1)the black market is global and vastly scalable, and

2) it is operating beyond the reach of the trade wars and

3) it is profitable enough to spawn a huge black market reinsurance market. Not so much insurance against pirates, but for them.


In short, the CCP can get what it needs, even if it is forcing domestic firms like Huawei, Alibaba and Baidu to spur domestic production.


Why would Beijing hobble its own tech sector?


It wouldn’t be the first time Xi has cracked down on tech, and to the CCP the move makes a degree of sense. The baseline assumption in capitalist societies is that vigorous businesses and markets are, by default, a positive strength to the government. Communists see strong markets as a rival to central planning and power, and therefore a threat to government. The CCP sees this less as knee-capping domestic tech, but simply maintaining its edge over Chinese society.


Then there is the very real and disturbing possibility that China doesn’t need those chips as much as we like to think that they do. Now that some of the shine is coming off AI, it looks like the technology isn’t replicating humans as fast as the hype had suggested. What AI is doing terrifyingly well is replicating itself. Call it the DeepSeek effect: The model famously used OpenAI to replicate itself using a different configuration of chips. (Yes, I know I’m broad-stroking it here.)


Last year’s numbers alone are staggering: Chinese researchers filed some 35,423 AI patents - about 10x that to the US. Admittedly, the US is better at inventing new technologies, but the Chinese have an undeniable knack for creating novel uses for existing tech. With the US government slashing funding to universities hasn’t helped the trend of Chinese-born researchers to repatriate to China where Beijing will throw money at them.


So a question worth asking is: How close is China to not needing those H20 chips?

Looking at the global market, they may be closer than we think.

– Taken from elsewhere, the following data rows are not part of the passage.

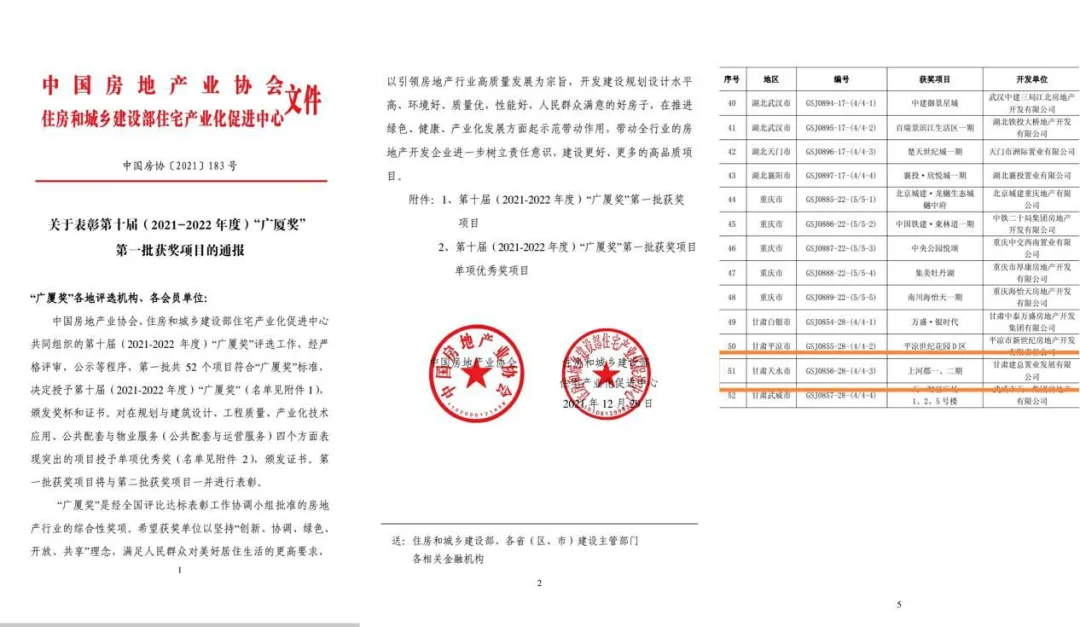 近日,由甘肅建投置業(yè)公司開(kāi)發(fā)建設(shè)的天水上河郡一、二期住宅項(xiàng)目,榮獲第十屆(2021-2022年度)第一批中國(guó)房地產(chǎn)“廣廈獎(jiǎng)”。該項(xiàng)目成為置業(yè)公司在天水開(kāi)發(fā)建設(shè)的項(xiàng)目中第二個(gè)獲得該殊榮的項(xiàng)目。也是2022最驚喜的新年禮物。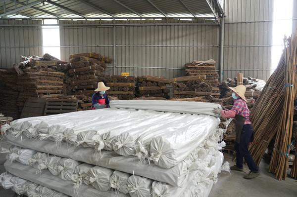 当地竹木加工企业的生产车间,工人们正在忙碌加工竹木。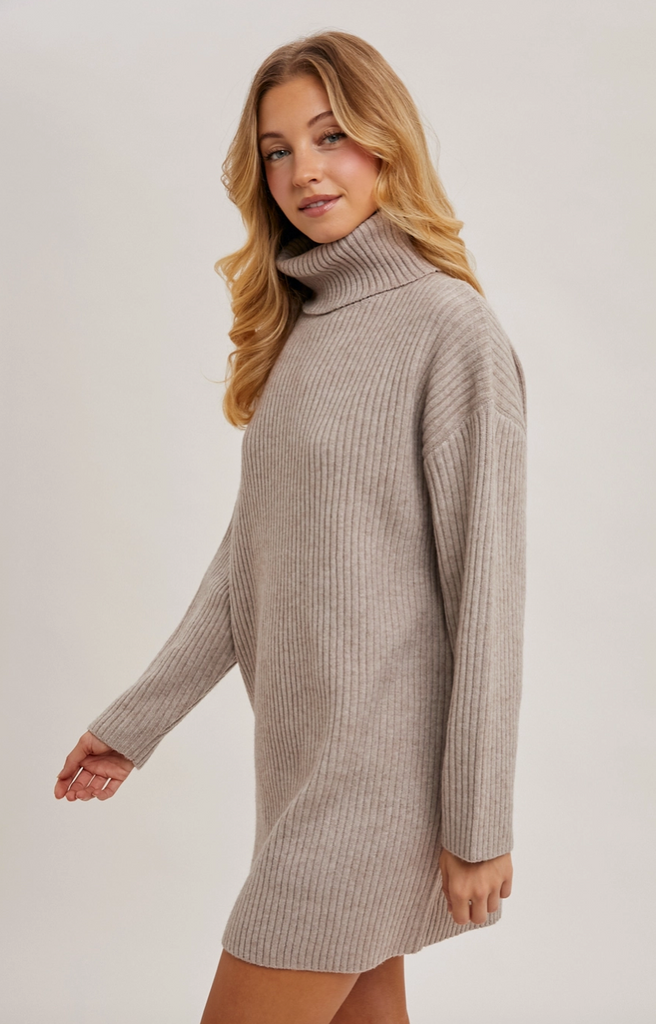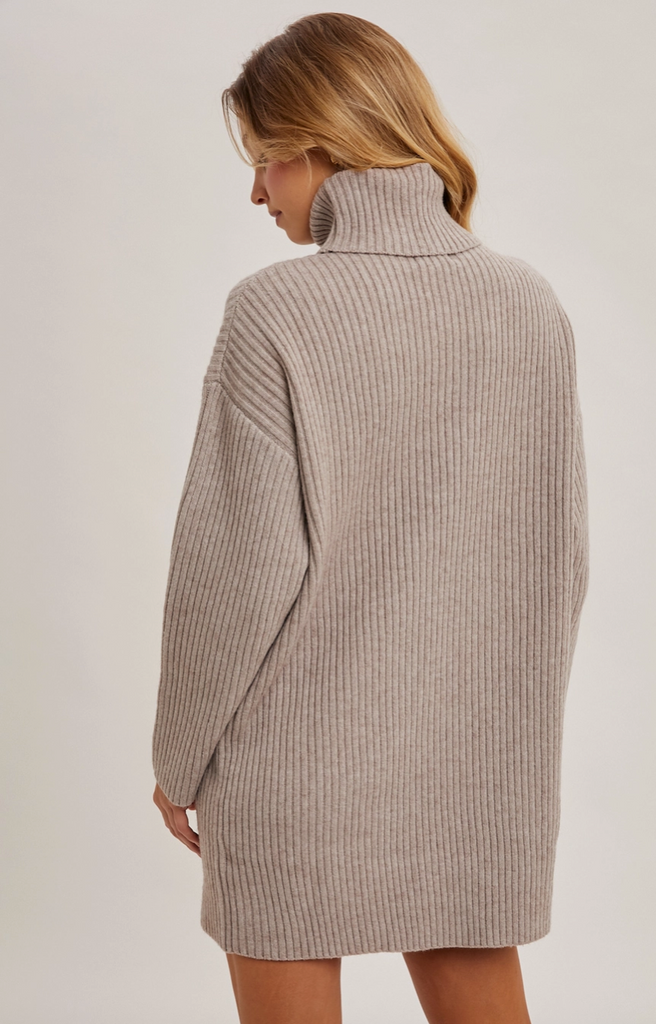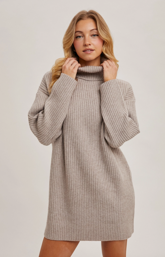 - The turtleneck knit sweater dress is a chic and cozy wardrobe staple. With its high neckline, it provides warmth and a sleek, elongated silhouette. The soft knit fabric ensures comfort, while the dress's relaxed fit offers versatility for layering or wearing alone. Whether paired with boots for a casual day out or dressed up with accessories for a night out, this sweater dress combines style and practicality, making it perfect for cooler seasons.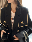 sandro asw小香风刺绣西装外套女2021秋韩版宽松英伦风海军蓝上衣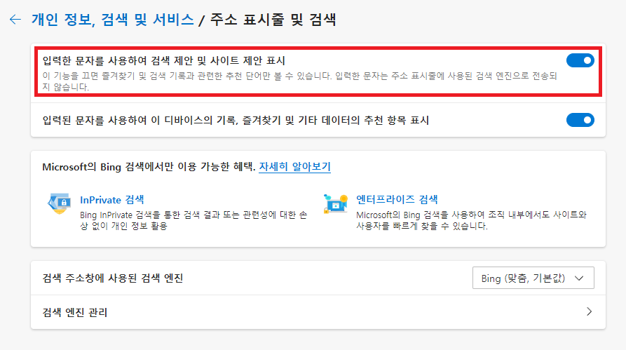 '설정' - '개인 정보, 검색 및 서비스' - '주소 표시줄 및 검색'에 들어가면 "입력한 문자를 사용하여 검색 제안 및 사이트 제안 표시" 항목이 있습니다.

TSMC decided long ago to focus on manufacturing chips, not designing them - and that specialization elevated the company to the best in the business. Nvidia focused solely on design, and together they’ve taken over the semi-conductor universe. But nothing lasts forever. Tech companies run on so much hype that they are always jumping the gun on announcements on how they’ll take over and ruin your life, so take this with a grain of salt. Yet there has been a lot of talk this year by firms - OpenAI to name one – designing their own, in-house chips.


Understand that Nvidia, the first $4 trn company, isn’t going anywhere for a generation or so. Anything that big is stable. Its market cap accounts for about 8% of the S&P500, and anything that lopsided is not. So the perception that Nvidia is getting close to peaking is going to have a cascading effect on its share price, the whole outsized tech sector, and then keep rolling downhill at the rest of us. As the second largest computing market, Beijing may have decided that even if the Chinese chip-design isn’t there yet, it may be worth the gamble to use deviously-timed lawfare and trade barriers to trigger questions into the future rise of the world’s most expensive company. It doesn’t have to bankrupt Nvidia to do this, only burst the perception of unlimited growth.


A full scale retreat is wildly unlikely. They generally are until they aren’t. If it does happen … it’s not going to do anyones portfolio any favors.